Exercise —
Take the records below and set down exactly the lines from the one with "Photo 1 Pilot test facilities" to the one with "New to the scene, Skye", ends included; do not copy the pictures.

Start of Block

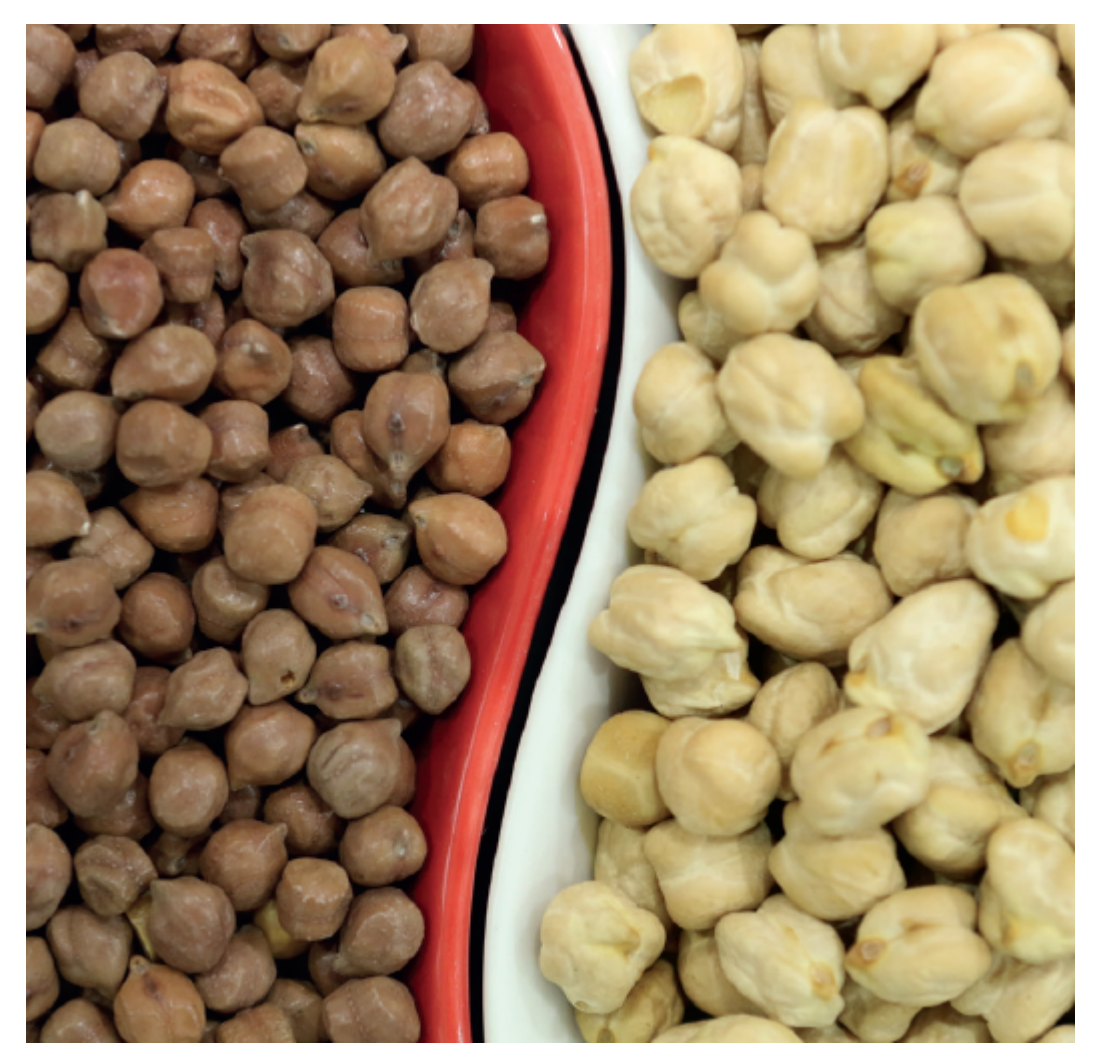
Brown chickpea and Kadala.
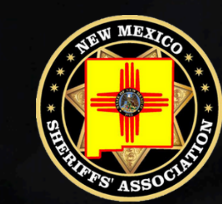
New Mexico Sheriffs' Association
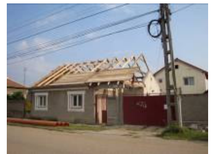
New roof at House of Joy

hydro insulation: 4000 euro flooring/walls/ceilings/doors/ plastering: 19600 euro plumbing and heating system: 5700 euro electrical: 2400 euro external insulation : 4500 euro tables and chairs 150 euro special mattresses 750 euro
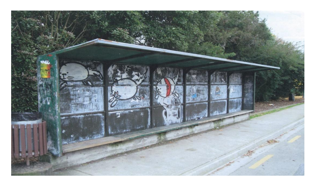
The following photo is of the same site after the community mural had been put up by the Pride of Place Project.
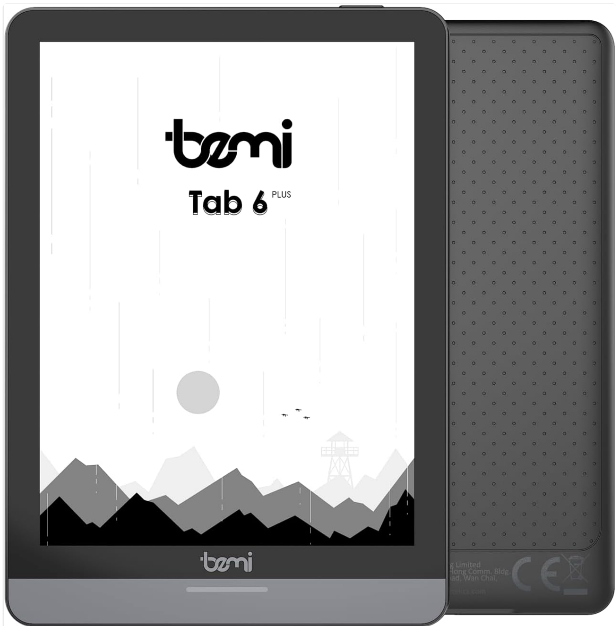
Figure 2.2: Front and back view of the Bemi Cognita Tab 6+ E-Reader. This image highlights the device's thin design and the textured back cover, which provides a secure grip.
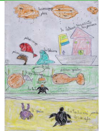
This drawing by Lucreche, a fourth grader at the school in Mayumba's fishing village, depicts the richness she sees in our marine environment.

whales and fisherfolk. These drawings will make their way back across international lines to the kids in Phoenix, or San Diego, or Bahia de los Angeles, Mexico. So far, over 500 elementary school students have participated in this exchange, which attempts expand children's concepts of the environment and demonstrate that they have friends around the world who value the environment just like they do, overcoming language barriers through the universal language of art.
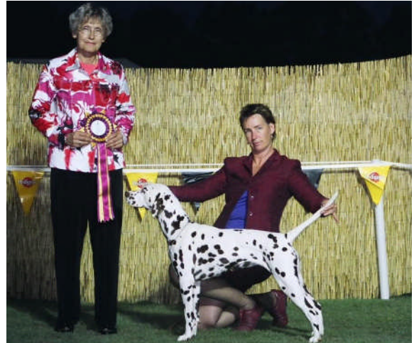
RunnerUp to Best in Show - Ch Brewen Glamour Girl
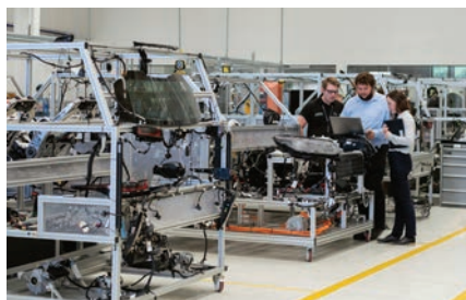
General industry and production
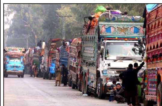
Illegal immigrants families living in Pakistan arrived outside the United Nations High Commissioner for Refugees (UNHCR) repatriation center to voluntarily return to Afghanistan following Pakistan's government decision to deport all illegally staying foreigners from the country after October 31st.
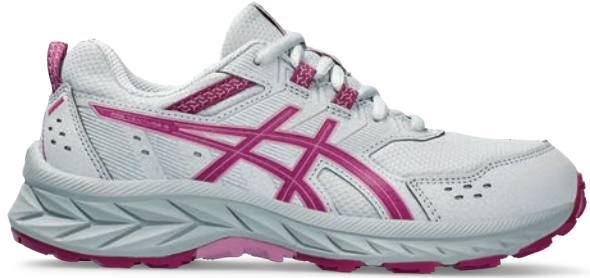
PRE VENTURE™ 9 GS Style #: 1014A276-021 Colour: PIEDMONT GREY/BLACKBERRY EOL: 05/31/2024
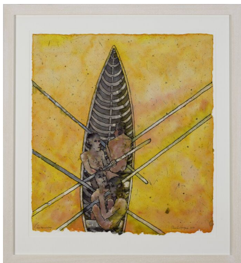
Four Men in a Boat, Watercolour on Japanese Paper, 55 x 50cm, €5,000.
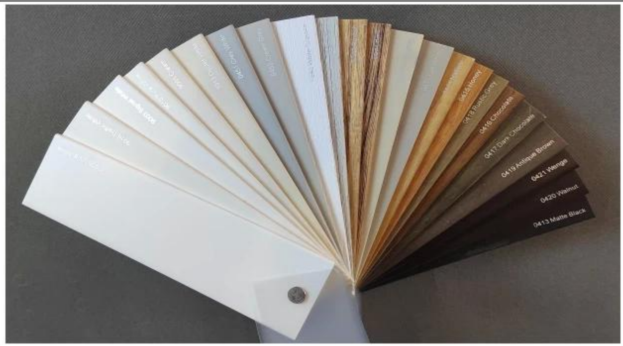
Sample box style and details
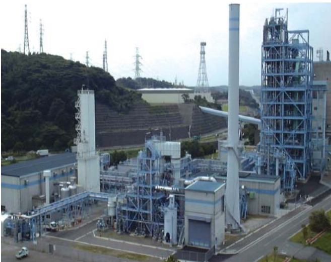
Photo 1 Pilot test facilities

In the U.S., there is a proposed project to combine a hydrogen gas turbine generation system or a fuel cell power generation system that uses coal-derived hydrogen with a CO 2 separation, collection and segregation system. EAGLE technology is not only expected to meet the future demands of a hydrogen society, but is also expected to meet the demands of today.
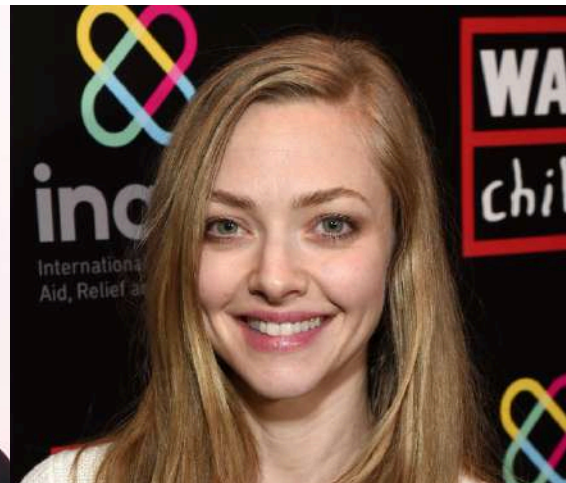
Amanda Seyfried (2019)
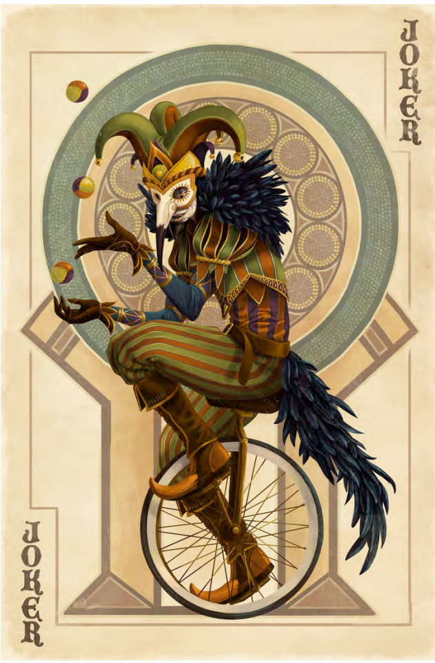
Illustration by Alix Branwyn

You know, I can't even recall where I came across the damned thing. Near as I can remember, it just showed up in my pocket one day.
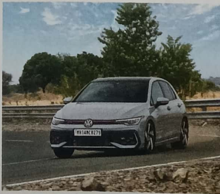
GOLF GTI: LEGEND HAS IT... 56
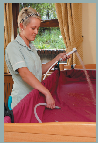
Check the water temperature then proceed to the shower of the patient.
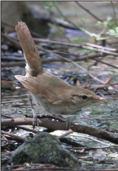
Plate 12. Blyth's Reed Warbler Acrocephalus dumetorum 20 August 2018, Mushrif Palace Gardens, United Arab Emirates.
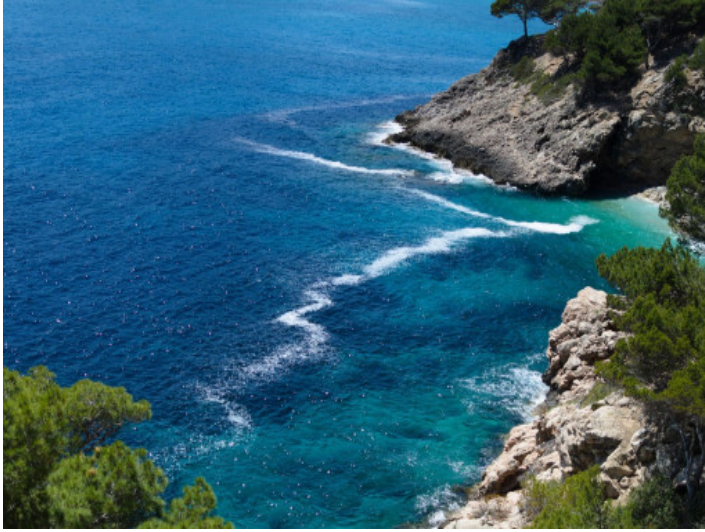
Coast of Arta

All information is correct to the best of our knowledge. Errors and prior sale excepted. This prospectus is purely for information purposes. Only the notarized deed of sale is legally binding.
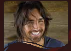
JAKE OWEN FRIDAY, AUGUST 2
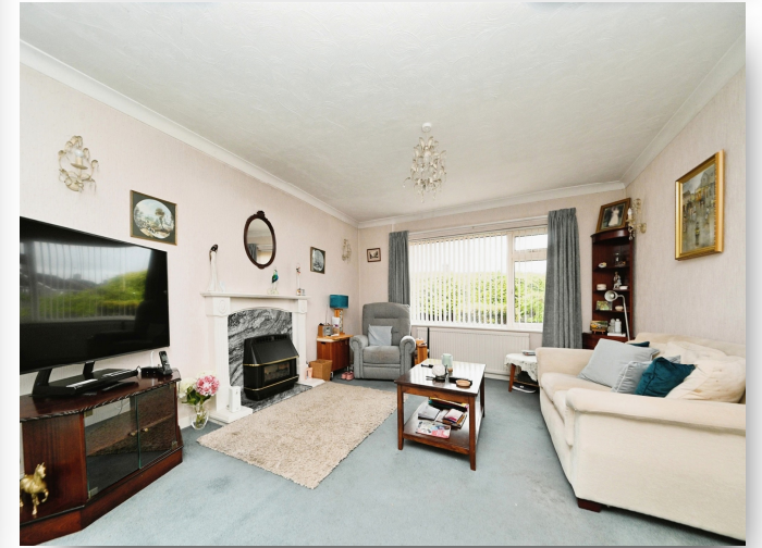
Low Hatters Close, Downham Market, PE38 9RR
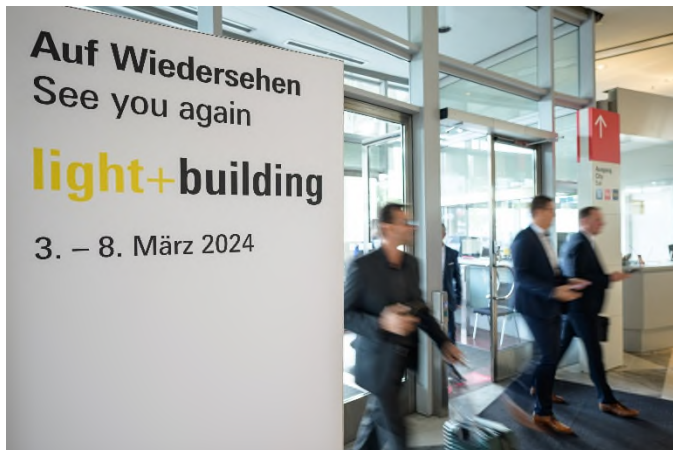
Satisfied visitors express their intention to return to Light + Building 2024.
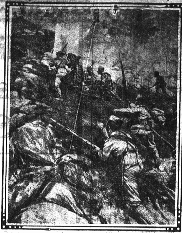
Japanese Storming Old Stone Fortress near Hai-Cheng
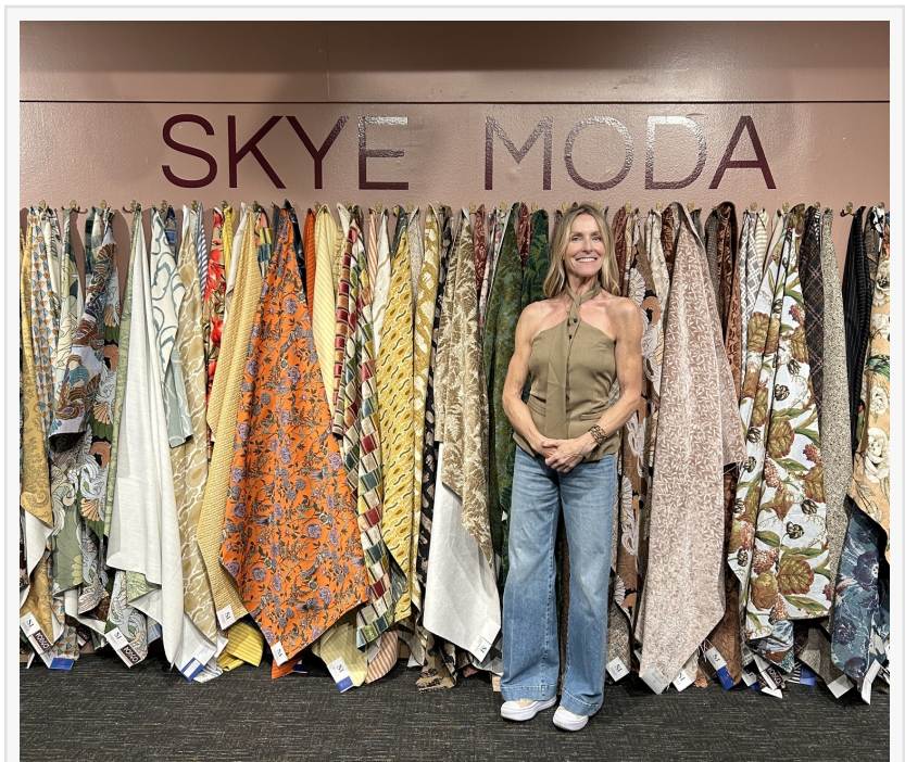
New to the scene, Skye Moda, whose tagline "The Skye's the limit and the plan was never to blend in" premiered an exquisite 150 piece collection of residential textiles in a gorgeous array of colors and patterns.

Reliability meets affordability brand Revolution Fabrics, known for their performance, stain resistance, PFAS-free bleach-cleanable fabrics with more than 2000 total skus. debuted 90 new designs within several new collections. Notable new collections, Savannah is a reimagining of southern traditions with classic treasured patterns in new colors and textures, Taos which
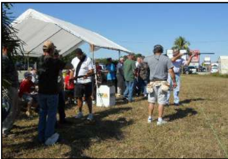
The Annual Turkey Shoot sponsored by the Lion's Club on the weekend of February 7/8 raised over $5,000.
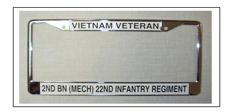
Triple Deuce Plate Frames $12.00 each Shipping $8.00 up to two frames

Include your name, address, phone number and email address. If I'm out of something I'll let you know when to expect it. If you'd like something special, let me know. The guy who does the embroidery is an Air Force Vet and has great respect for you Infantrymen. If there is a way to put the logo on something he'll do it. Call me at 207-634-3355 or email to <a href="mailto:ilmay@tds.net">ilmay@tds.net</a>
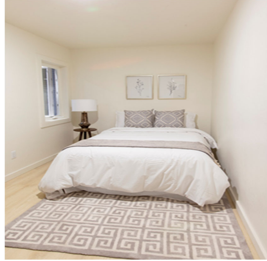
Interior of indieDwell Home
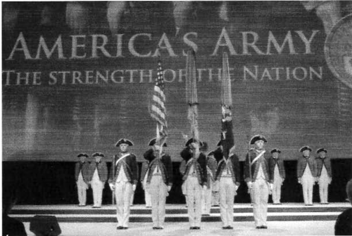
POSTING OF THE COLORS ON OPENING DAY AT THE 2007 AUSA ANNUAL MEETING
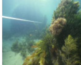
S716 Wauchapoe PortPhillipBay Measuring
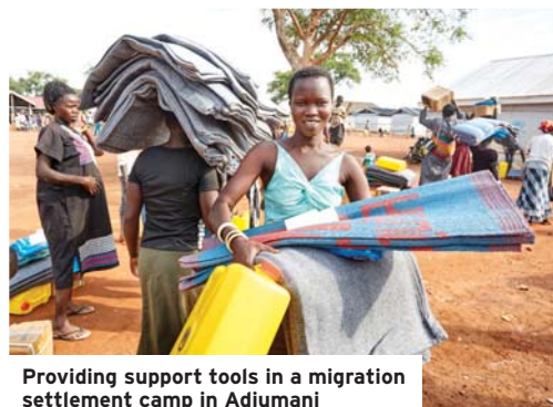
Providing support tools in a migration settlement camp in Adjumani
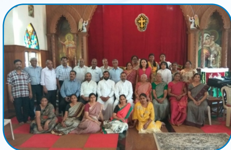
Suvisesha Sangham, Mumbai

End of Block

Solution for this problem —
Photo 1 Pilot test facilities

In the U.S., there is a proposed project to combine a hydrogen gas turbine generation system or a fuel cell power generation system that uses coal-derived hydrogen with a CO 2 separation, collection and segregation system. EAGLE technology is not only expected to meet the future demands of a hydrogen society, but is also expected to meet the demands of today.
Amanda Seyfried (2019)
Illustration by Alix Branwyn

You know, I can't even recall where I came across the damned thing. Near as I can remember, it just showed up in my pocket one day.
GOLF GTI: LEGEND HAS IT... 56
Check the water temperature then proceed to the shower of the patient.
Plate 12. Blyth's Reed Warbler Acrocephalus dumetorum 20 August 2018, Mushrif Palace Gardens, United Arab Emirates.
Coast of Arta

All information is correct to the best of our knowledge. Errors and prior sale excepted. This prospectus is purely for information purposes. Only the notarized deed of sale is legally binding.
JAKE OWEN FRIDAY, AUGUST 2
Low Hatters Close, Downham Market, PE38 9RR
Satisfied visitors express their intention to return to Light + Building 2024.
Japanese Storming Old Stone Fortress near Hai-Cheng
New to the scene, Skye Moda, whose tagline "The Skye's the limit and the plan was never to blend in" premiered an exquisite 150 piece collection of residential textiles in a gorgeous array of colors and patterns.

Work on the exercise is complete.